Conclusion: vps-h1 would have ~6.5 GB free RAM and ~1.9 vCPU free — massively underutilised for ~10€/month. Recommendation: migrate WAHA to bms-4, reassign GitHub Actions runner to bms-4, decommission vps-h1.

4. bms-4 Expansion Plan

Current state (post-provisioning)

MongoDB arbiter: 75 MB RAM
node_exporter: 20 MB RAM
Docker CE: installed, no containers running
Free: ~31.9 GB RAM, 7.5 vCPU, 1.7 TB disk

Phase 1 — n8n migration (immediate, PENDING)

Deploy from bms-4/docker-compose.yml:

Service	RAM (est.)	CPU	Notes
traefik	80 MB	low	TLS for all bms-4 services
n8n-postgres	300 MB	low	PostgreSQL 16 for n8n
n8n	1.2 GB	cap 1.5	Migrated from vps-h1
node-exporter (Docker)	20 MB	minimal	Duplicate of systemd exporter; needed for cadvisor compat
cadvisor	100 MB	low	Container metrics

After Phase 1: ~30.2 GB RAM free, ~6 vCPU free.

Phase 2 — WAHA migration (after n8n verified stable)

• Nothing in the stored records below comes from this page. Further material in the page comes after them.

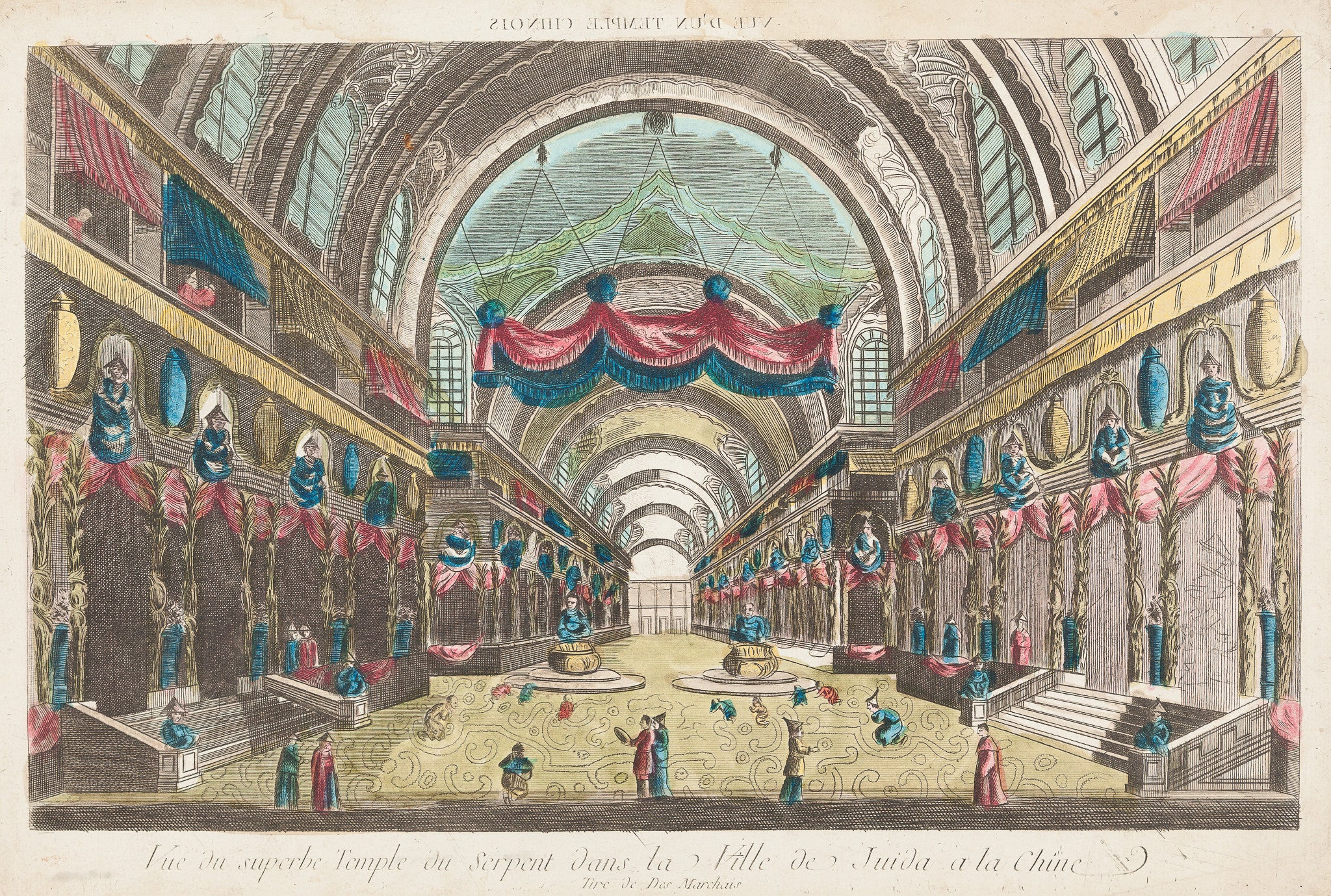 Oudtijds gekleurde kopergravure: zgn. 'Opticaprent' Men ziet het interieur van een tempel in Juida (China) met twee grote Boeddha's in het midden. Uitg. Parijs ca. 1770. Fraaie, zeldzame en curieuze prent.
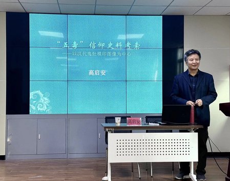 2023年10月30日下午,应天游线路检测中心邀请,甘肃省敦煌学学会副会长、兰州财经大学教授、天游8线路注册检测中心兼职教授高启安教授来天游线路官网作题为《“五毒”信仰史料考索——以汉代鬼灶模印图像为中心》的学术报告。本次报告由天游线路检测中心秦丙坤教授主持,刘再聪院长、李并成老师以及50余名研究生聆听报告并参与讨论。
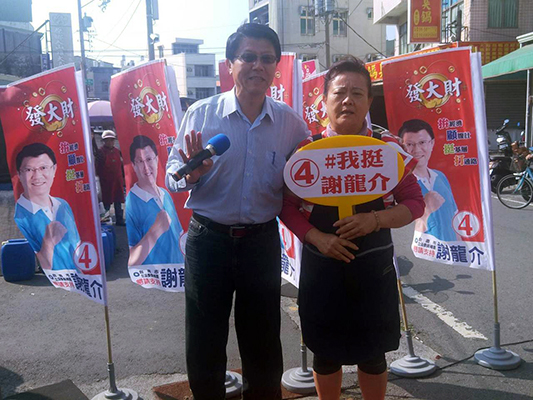 謝龍介市場路口開講,鄉(xiāng)親到場力挺。(圖片來源:臺灣《聯(lián)合報》)
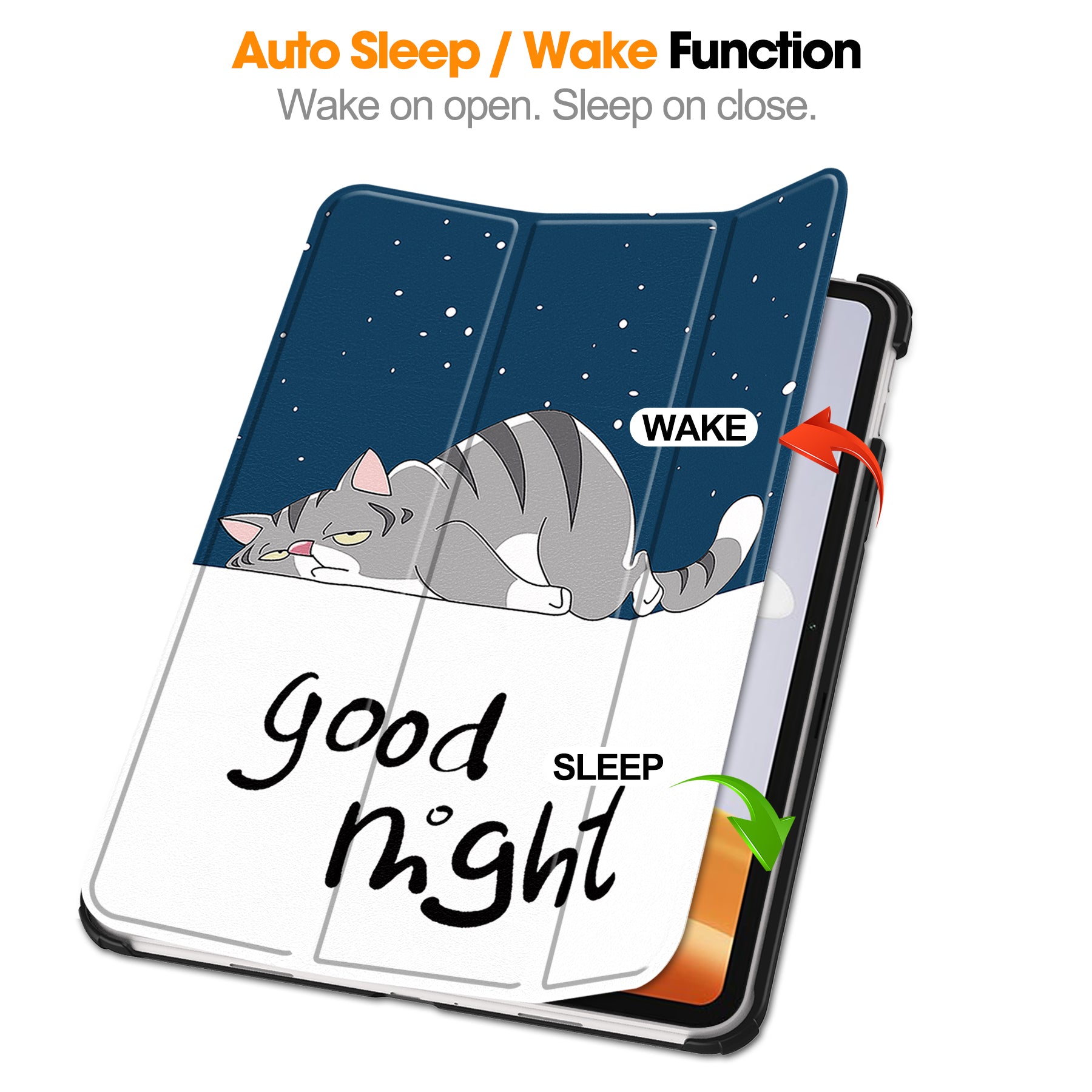This tablet case adopts high-quality PU leather + PC with fine details, making it feel soft and delicate to the touch. The tri-fold cover with dual angles support offers a sturdy and versatile stand for viewing and typing.

Add WAHA to bms-4 compose:

Service	RAM (est.)	Notes
waha	800 MB	Requires updating WHATSAPP_HOOK_URL → `n8n.bms-4.infra.zintegrowana.online`

After Phase 2: ~29.4 GB RAM free.

Phase 3 — PDF services (new deployment, see §5)

Service	RAM (est.)	Notes
gotenberg	400 MB	Chromium PDF renderer
pdf-service-pinbox	100 MB	New instance — production-facing
pdf-to-jpg	200 MB	New service — replaces Convertio.ai

After Phase 3: ~28.7 GB RAM free.

Phase 4 — AI-Dev-BMS4 agent (see §6)

Service	RAM (est.)	Notes
claude-runner (user process)	300 MB per agent	Max 4 parallel agents
GitHub Actions runner	200 MB	Relocate from vps-h1

After Phase 4: ~27.9 GB RAM free (4 agents simultaneously).

bms-4 Resource Forecast (fully loaded)

Category	RAM	CPU	Disk
MongoDB arbiter	75 MB	negligible	minimal
n8n stack	1.6 GB	1.5 cap + overhead	10 GB
WAHA	800 MB	0.2	2 GB
PDF services	700 MB	burst	5 GB
Observability	240 MB	minimal	1 GB
AI agents (4x)	1.2 GB	burst	—
OS + kernel	~500 MB	0.5	8 GB
TOTAL	~5.1 GB	~5 vCPU peak	~26 GB
Remaining headroom	~26.9 GB	~3 vCPU idle	~1.77 TB

bms-4 can comfortably absorb all planned workloads while retaining over 80% RAM headroom.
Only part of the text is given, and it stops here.